Configure flume and kafka connections

cd /usr/flume/apache-flume-1.6.0-bin/conf/
echo "#Configure the source, channel and sink of flume agent
a1.sources = r1
a1.channels = c1
a1.sinks = k1
#Configure source
a1.sources.r1.type = exec
a1.sources.r1.command = tail -F /tmp/logs/kafka.log

#Configure channel
a1.channels.c1.type = memory
a1.channels.c1.capacity = 1000
a1.channels.c1.transactionCapacity = 100

#Configure sink
a1.sinks.k1.channel = c1
a1.sinks.k1.type = org.apache.flume.sink.kafka.KafkaSink

#Configure Kafka's Topic
a1.sinks.k1.kafka.topic = mytest
#Configure the broker address and port number of kafka
a1.sinks.k1.brokerList = matser:9092,slave1:9092,slave2:9092
#Configure the number of batch submissions
a1.sinks.k1.kafka.flumeBatchSize = 20
a1.sinks.k1.kafka.producer.acks = 1
a1.sinks.k1.kafka.producer.linger.ms = 1
a1.sinks.k1.kafka.producer.compression.type = snappy
#Bind source and sink to channel
a1.sources.r1.channels = c1
a1.sinks.k1.channel = c1" >> kafka.properties

Stepping pit

report errors

(conf-file-poller-0) [ERROR - org.apache.flume.node.AbstractConfigurationProvider.loadSinks(AbstractConfigurationProvider.java:427)] Sink k1 has been removed due to an error during configuration
org.apache.flume.conf.ConfigurationException: brokerList must contain at least one Kafka broker
	at org.apache.flume.sink.kafka.KafkaSinkUtil.addDocumentedKafkaProps(KafkaSinkUtil.java:55)
	at org.apache.flume.sink.kafka.KafkaSinkUtil.getKafkaProperties(KafkaSinkUtil.java:37)
	at org.apache.flume.sink.kafka.KafkaSink.configure(KafkaSink.java:211)
	at org.apache.flume.conf.Configurables.configure(Configurables.java:41)

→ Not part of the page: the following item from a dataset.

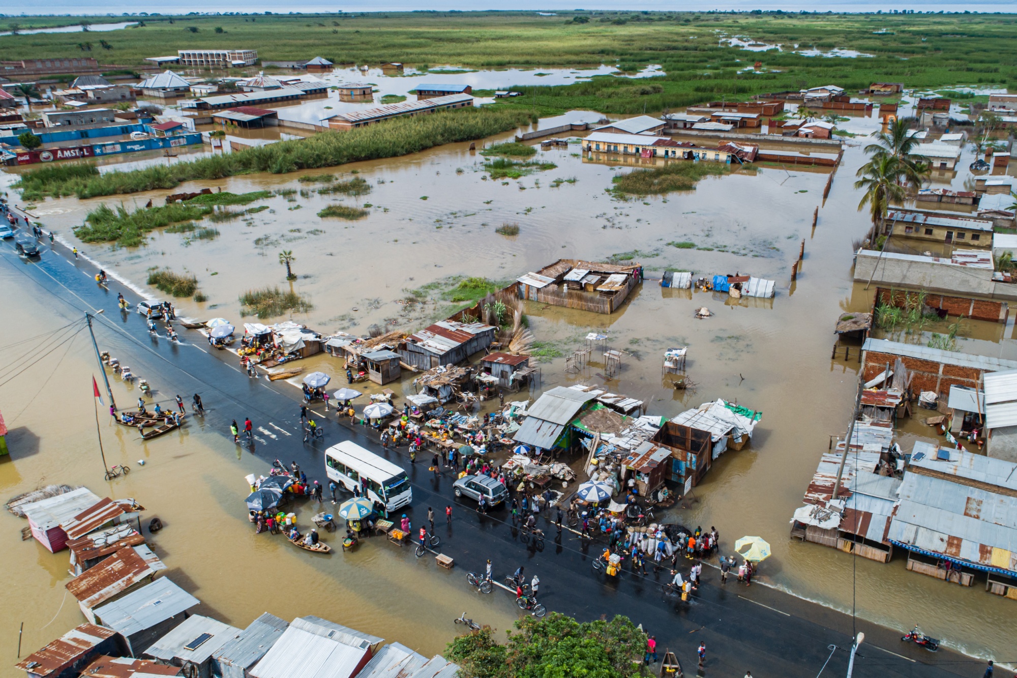 洪水改变了城市的景观:海滩沿线的道路被淹没,无法使用,小船的船主通过带游客参观他们被淹没的房屋来赚取现金。房屋、汽车、企业甚至医院都被持续的洪水淹没,曾经可见的树干现在只有植物的顶部露出水面。在布琼布拉的泥泞道路上看到河马漫游并不罕见,而在邻近的加通巴镇,鳄鱼已侵入街道,当地当局称至少有七人被这些动物杀死。

Configuration in kafka.properties file
A1.sins.k1.kafka.bootstrap.servers (written in version 1.7 +)
A1.sins.k1.brokerlist (version 1.6)

Create directory

mkdir -p /tmp/logs
touch /tmp/logs/kafka.log

Create script

vim kafkaoutput.sh

//Add the following

echo "kafka_test-"+$i >> /tmp/logs/kafka.log

  Script empowerment

chmod 777 kafkaoutput.sh

Create topic in kafka node

Premise zookpeer, kafka start

  Create topic

On master only

kafka-topics.sh --create --zookeeper master:2181 --replication-factor 3 --partitions 1 --topic mytest

  Open the console

kafka-console-consumer.sh --bootstrap-server master:9092,slave1:9092,slave2:9092 --from-beginning --topic mytest

Start test

flume-ng agent --conf /usr/flume/apache-flume-1.6.0-bin/conf/ --conf-file /usr/flume/apache-flume-1.6.0-bin/conf/kafka.properties -name a1 -Dflume.root.logger=INFO,console


Execute script

sh kafkaoutput.sh

View in kafka

cat /tmp/logs/kafka.log


spark installation and deployment

Please move spark installation Refer to completing spark installation and deployment.

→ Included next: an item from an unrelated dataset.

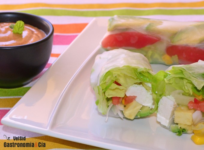 Otra forma de comer una ensalada es haciendo unos rollitos con papel de arroz, podemos poner lo que nos apetezca, así que de vez en cuando optamos por la combinación de aguacate, requesón, cebolla y hierbabuena, entre otros ingredientes, porque nos encanta. Además de poder aderezarse simplemente con aceite de oliva virgen extra y sal, se puede acompañar de una gran variedad de salsas, en esta ocasión hemos aprovechado la Salsa de yogur con mostaza y guindilla que preparamos para comer con el tofu ahumado a la plancha.

At the end of the full text, one day, so many components were deployed on the cluster for the first time, and there were mutual docking configurations. They kept reporting and troubleshooting errors. Finally, it was completed!

Eye pain!!!

The next period of time to prepare for the game! Come on!